The Data-Driven IT Operations Organization

3 Min Read | April 07, 2021

This article was adapted from its original version in Toolbox.

Data analytics has always been the foundation to drive actions for IT operations--supporting capacity planning, resource optimization, workload rebalancing, cost projections, and security predictions. But now, there are new demands on IT operations to deliver inclusive data intelligence for managers across IT and the business. 

ITOps teams have a growing mandate to positively influence business and customer-related outcomes; their ability to collect, analyze and use data to support many types of decision-making is now top-of-mind. 

Amid digital-first business models, IT organizations have also been leading an accelerated migration to cloud infrastructure. The opacity of managing heterogeneous environments and hybrid infrastructure where numerous containerized or virtualized layers are dynamically reconfiguring has complicated the ITOps job immeasurably. 

IT operations teams must build a data-driven view of the organization from the customer perspective: cross-cutting different integrated and siloed business and technology functions.

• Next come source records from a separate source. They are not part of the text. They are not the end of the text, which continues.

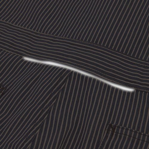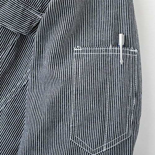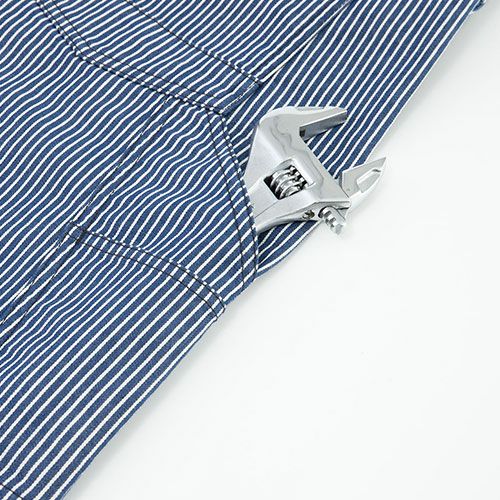 特徴的な綿麻素材のストライプ柄を細目に調整。緩すぎないシルエット。スマートフォン等の小物が収納しやすい胸ポケット。シンプルな印象とワークシーンの実用性を追求した最新作の綿麻ストライプつなぎ。
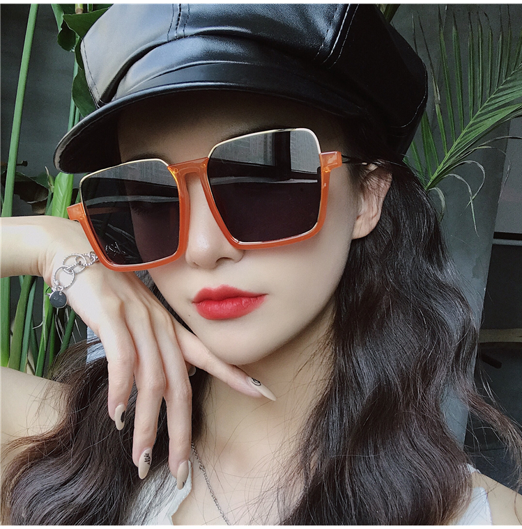 Large box bottom half box Korean version of sunglasses flat mirror can be worthy of myopia large face Thin Fashion Tide Orange personality woman
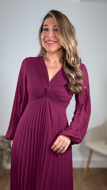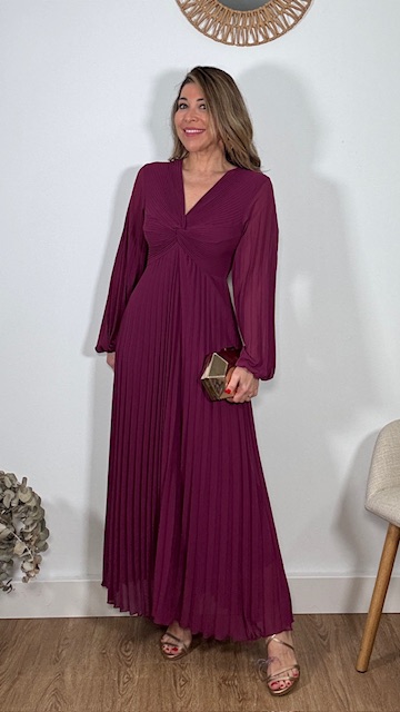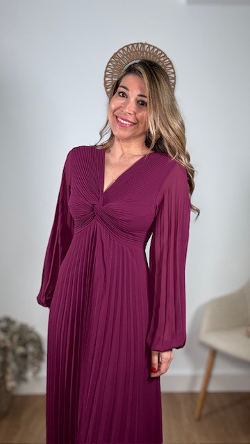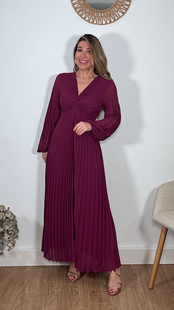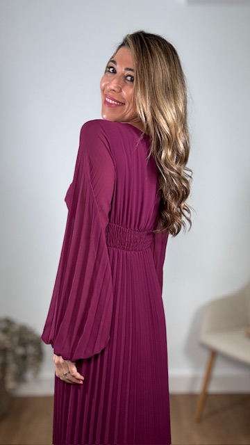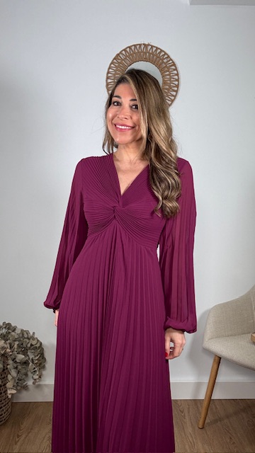 Vestido plisado largo con forro en su parte interior en color buganvilla. Talla única válida desde la 36 hasta la 44.
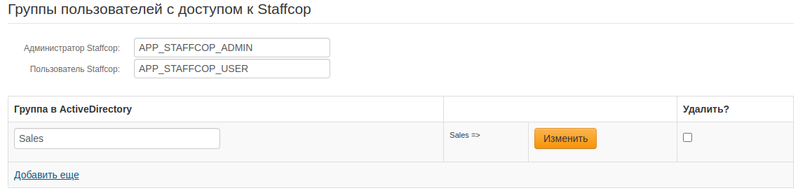В секции Группы пользователей с доступом к Staffcop нажмите Добавить еще.

These pain points of traditional data analysis methods must be resolved to align with enterprise goals:

  • Lack of customer focus. IT operations can’t understand the customers’ holistic needs along with short and long-term impacts on customer experience. This means a potentially large disconnect between the business (product or service) and the market (customers).
  • Wrong strategy: Broken visibility also leads to poor investments. The organization will under or over-invest in key areas such as development, security, infrastructure and monitoring, without an accurate, holistic picture of where the important gaps exist and how everything ties together.
  • Reactivity: ITOps must carry on with a reactive approach, operating blindly and moving from solving one issue to the next without a big-picture view of priorities and needs.
  • Competitive drain. We see daily examples of enterprises going out of business because they didn’t adapt to changes from digitalization–a stark reality in 2020.  As just one example, take ClassPass, a leading fitness and wellness subscription service/app which allows customers to sign up for in-studio or digital live streaming fitness events from boutique studios and spas all over the country. The company has raised $549 million and booked 100 million reservations since its founding in 2013. Meanwhile, traditional gym chains without viable digital offerings such as 24-Hour Fitness and Gold’s Gym, fared poorly in 2020, shuttering locations and filing for bankruptcy. It’s easy to find similar examples across restaurants, hospitality/lodging, retail and banking, among others.

A New Technology Framework for Holistic Data Analytics in IT

The advancement in affordable technology innovation on compute, storage, AI, and ML has made it possible to derive meaningful insights from disparate, discrete, and federated data sources. IT operations teams must build a data-driven view of the organization from the customer perspective: cross-cutting different integrated and siloed business and technology functions. Gaining this data-driven operating environment, however, requires fundamental changes in technology and process:

  • This begins by leveraging the discovery, monitoring, APM, networking and AIOps tools in a cohesive and integrated way. 
  • The goal is to gain end-to-end contextual visibility in near real-time and apply data analytics to drive the best decisions and actions. 
  • IT leaders will need to develop an overarching strategy for digital operations tools selection and tailor skill sets and create new organizational roles necessary to get the ROI. 
  • Domain-specific processes must go away as part of this effort. 

Consider an ecommerce business which needs to track metrics such as shopping cart abandon rates and transaction time. It’s IT’s job to understand how to collect, analyze and correlate the right data from infrastructure resources to those business metrics. The goal is to use analytics to identify website bottlenecks caused by poor-performing systems or where a user process could be better by, for instance, reconfiguring the cloud architecture.  There are similar stories across other verticals like healthcare, banking and hospitality. Understanding business KPIs by leveraging customer and transactional data will help the organization create the right data strategy and select the best analytics and automation tools.